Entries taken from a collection
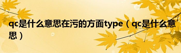 关于qc是什么意思在污的方面type,qc是什么意思这个很多人还不知道,今天菲菲来为大家解答以上的问题,现在让我们一起来看看吧!
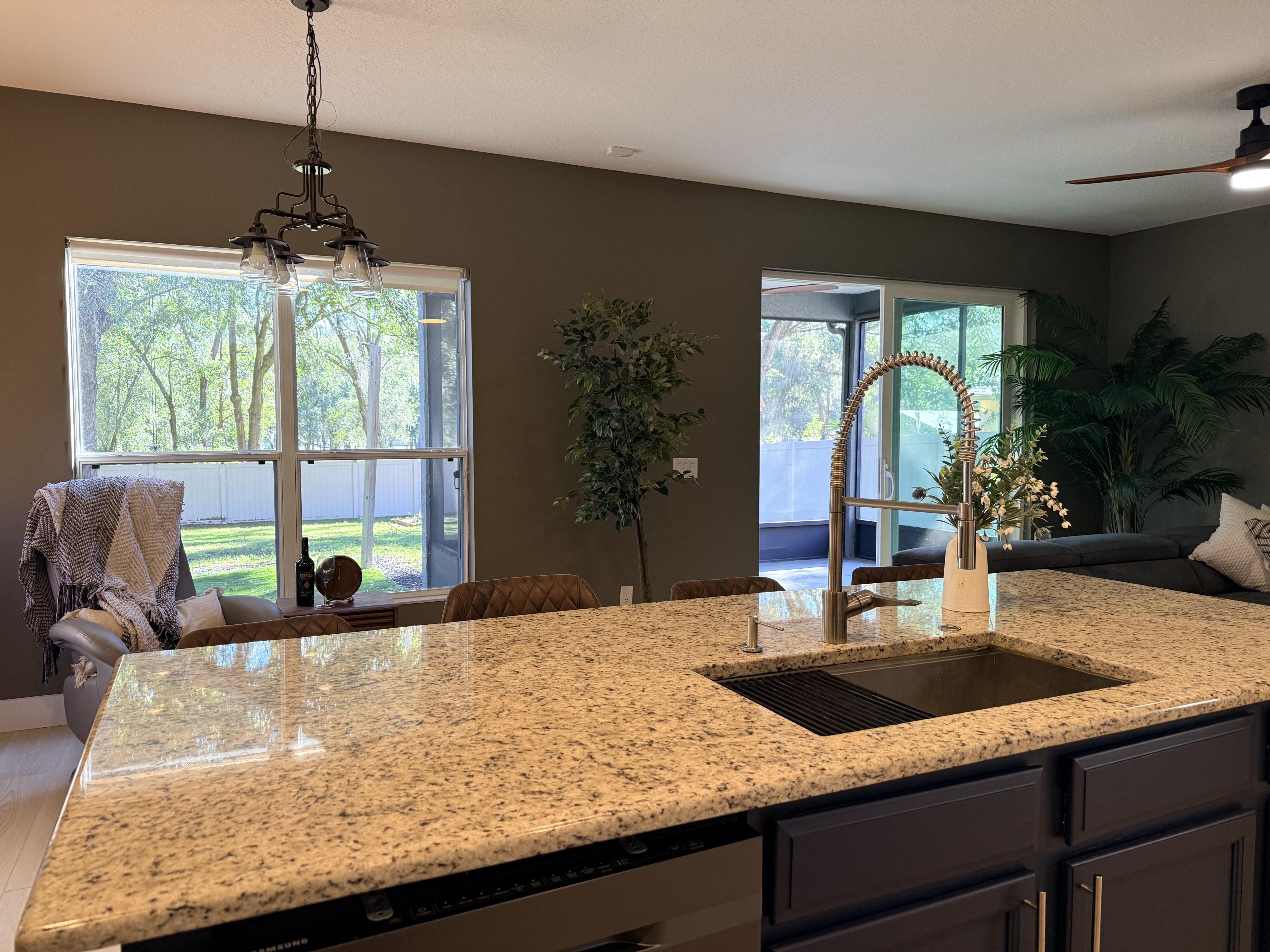 Experience elegance and comfort in this impeccably maintained four-bedroom, three-bath residence located in the heart of Sorrento, one of East Lake County’s most charming and desirable communities. This move-in-ready home combines tasteful sophistication with practical livability, offering a truly remarkable opportunity at its new, improved price. An Elegant First Impression Enter through a grand two-story foyer adorned with custom molding and rich wood stair treads. Throughout the home, luxury vinyl plank flooring provides both durability and beauty, uniting each space in seamless style. Every element reflects thoughtful design and enduring craftsmanship. Interior Highlights Owner’s Retreat: A sanctuary of comfort featuring a fireplace, deep soaking tub, waterfall shower, dual vanities, bidet, and a custom walk-in wardrobe of exceptional quality. Versatile Living Spaces: The layout includes a formal living room, an inviting family room, an open loft, and a first-floor guest or in-law suite with private bath and direct access to the backyard. Gourmet Kitchen: Designed for both daily use and gracious entertaining, this kitchen offers a large center island, Samsung appliances, and a butler’s pantry for added convenience. Refined Baths: Each bathroom evokes the tranquility of a European spa, with rainfall showers, premium finishes, and modern fixtures. Notable Enhancements This home has been updated with a number of high-value improvements, providing comfort and peace of mind for years to come: New roof (2020) and dual HVAC systems (2017
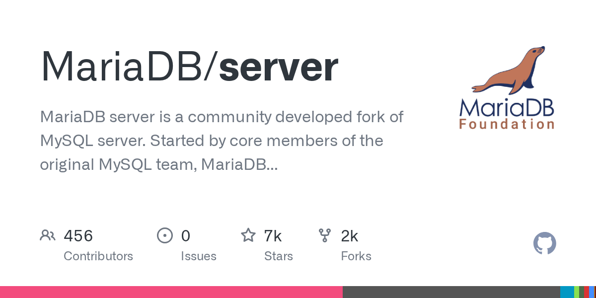 MariaDB server is a community developed fork of MySQL server. Started by core members of the original MySQL team, MariaDB actively works with outside developers to deliver the most featureful, stable
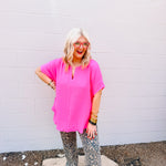 The Zenana Airflow Top in Neon Fuchsia offers a comfortable fit with its plus-size woven fabric designed for breathability. Featuring a split neck and short sleeves, this top combines style and ventilation, making it ideal for warm days or layering. Its tailored cut ensures a flattering silhouette while maintaining ease of movement. Perfect for those seeking both comfort and a polished look in their wardrobe.
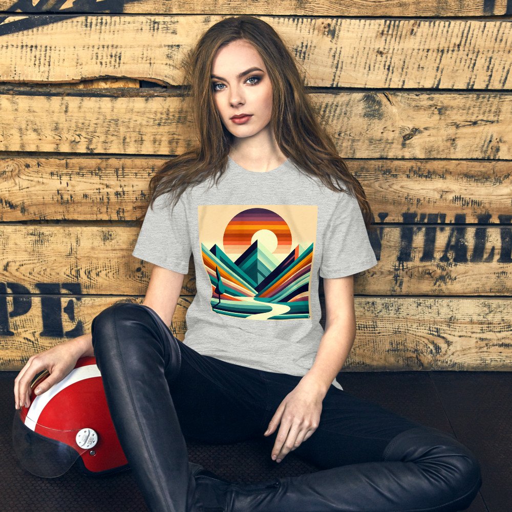 Geometric Mountain Sunset Landscape — T-Shirt
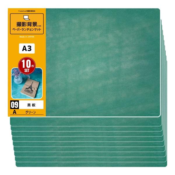 FrameCue 10枚セット 09黒板Aグリーン(1柄×10枚)撮影背景になるペーパーランチョンマット A3 背景紙 ペーパーランチョンマット 撮影 バックペーパー

### Task to complete
Looking above, find the stretch of lines that opens with the one holding "MariaDB server is" and closes with the one holding "Geometric Mountain Sunset". Copy it exactly, pictures excluded.

### Solution to this problem
 MariaDB server is a community developed fork of MySQL server. Started by core members of the original MySQL team, MariaDB actively works with outside developers to deliver the most featureful, stable
 The Zenana Airflow Top in Neon Fuchsia offers a comfortable fit with its plus-size woven fabric designed for breathability. Featuring a split neck and short sleeves, this top combines style and ventilation, making it ideal for warm days or layering. Its tailored cut ensures a flattering silhouette while maintaining ease of movement. Perfect for those seeking both comfort and a polished look in their wardrobe.
 Geometric Mountain Sunset Landscape — T-Shirt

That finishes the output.